On the fiftieth anniversary of 1968 our course couples the study of revolutionary films (and films about revolution) with seminal readings on revolutionary ideology and on the theory of film and video. The goal will be to articulate the mechanics of revolution and its representation in time-based media. Students will produce a video or videos adapting the rich archive of revolutionary film for today's situation. The films screened will be drawn primarily from Soviet and US cinema, from the 1920s to the present day, proceeding more or less chronologically. We begin with newsreels and a "poetic documentary" by Dziga Vertov; they will be paired with classic readings from revolutionary theory, from Karl Marx and Vladimir Lenin to Fidel Castro and Bill Ayres, and from film theory, including Vertov, Andre Bazin and Jean-Luc Godard. Readings will acquaint students with contemporary assessments of the emancipatory potential of film.

2018-2019 Spring

27112 Cinema and Movement

That movies move Is one of the most basic facts about the medium. This course investigates various aesthetic dimensions of movement throughout the history of the moving image-from early cinema and the avant garde to Hollywood musicals and Disney cartoons. Combining philosophical, critical, and historical readings with careful analysis of films, we will cover topics that include early spectators' fascination with the moving image itself, the relation between the natural perception of movement and cinematic movement, the history and poetics of camera movement, different technologies for recording and simulating movement (including cel animation and CGI), and the problems that movement has posed as an object of aesthetic analysis. Texts discussed include works by Gilles Deleuze, Henri Bergson, Vivian Sobchack, Kristin Thompson, and Arthur Danto. Screenings include works by Busby Berkeley, Maya Deren, Max Ophuls, Chuck Jones, Chris Marker, Chantal Akerman, and Gus Van Sant.

2018-2019 Autumn

27911/37911 Augmented Reality Production

(ARTV 27921 / 37921)

Focusing on experimental moving-image approaches at a crucial moment in the emerging medium of augmented reality, this class will explore and interrogate each stage of production of AR works. Students in this production-based class will examine the techniques and opportunities of this new kind of moving image. During this class we'll study the construction of examples across a gamut from locative media, journalism, and gameplay-based works to museum installations. Students will complete a series of critical essays and sketches towards a final augmented reality project using a custom set of software tools developed in and for the class.

2018-2019 Autumn

28500/48500 History of International Cinema, Part I: Silent Era

(CMLT 22400 / 32400; ENGL 29300 / 48700; ARTH 28500 / 38500; MAPH 33600; ARTV 20002)

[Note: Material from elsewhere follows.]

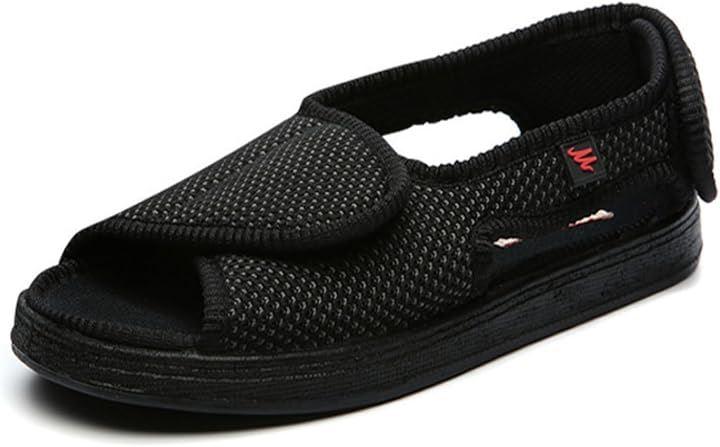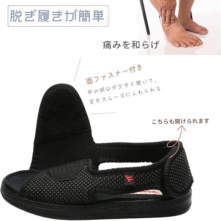 「脱ぎ履きが簡単」面ファスナー付きで甲の部分が大きく開いて、足をスムーズに入れられ、脱ぎ履きも簡単。

This course provides a survey of the history of cinema from its emergence in the mid-1890s to the transition to sound in the late 1920s. We will examine the cinema as a set of aesthetic, social, technological, national, cultural, and industrial practices as they were exercised and developed during this 30-year span. Especially important for our examination will be the exchange of film techniques, practices, and cultures in an international context. We will also pursue questions related to the historiography of the cinema, and examine early attempts to theorize and account for the cinema as an artistic and social phenomenon.

2018-2019 Autumn

29800 Senior Colloquium

This seminar is designed to provide fourth-year students with a sense of the variety of methods and approaches in the field (e.g., formal analysis, cultural history, industrial history, reception studies, psychoanalysis). Students present material related to their BA project, which is discussed in relation to the issues of the course.

2018-2019 Autumn

10100 Introduction to Film

(ARTH 20000,ARTV 20300,ENGL 10800)

This course introduces basic concepts of film analysis, which are discussed through examples from different national cinemas, genres, and directorial oeuvres. Along with questions of film technique and style, we consider the notion of the cinema as an institution that comprises an industrial system of production, social and aesthetic norms and codes, and particular modes of reception. Films discussed include works by Hitchcock, Porter, Griffith, Eisenstein, Lang, Renoir, Sternberg, and Welles.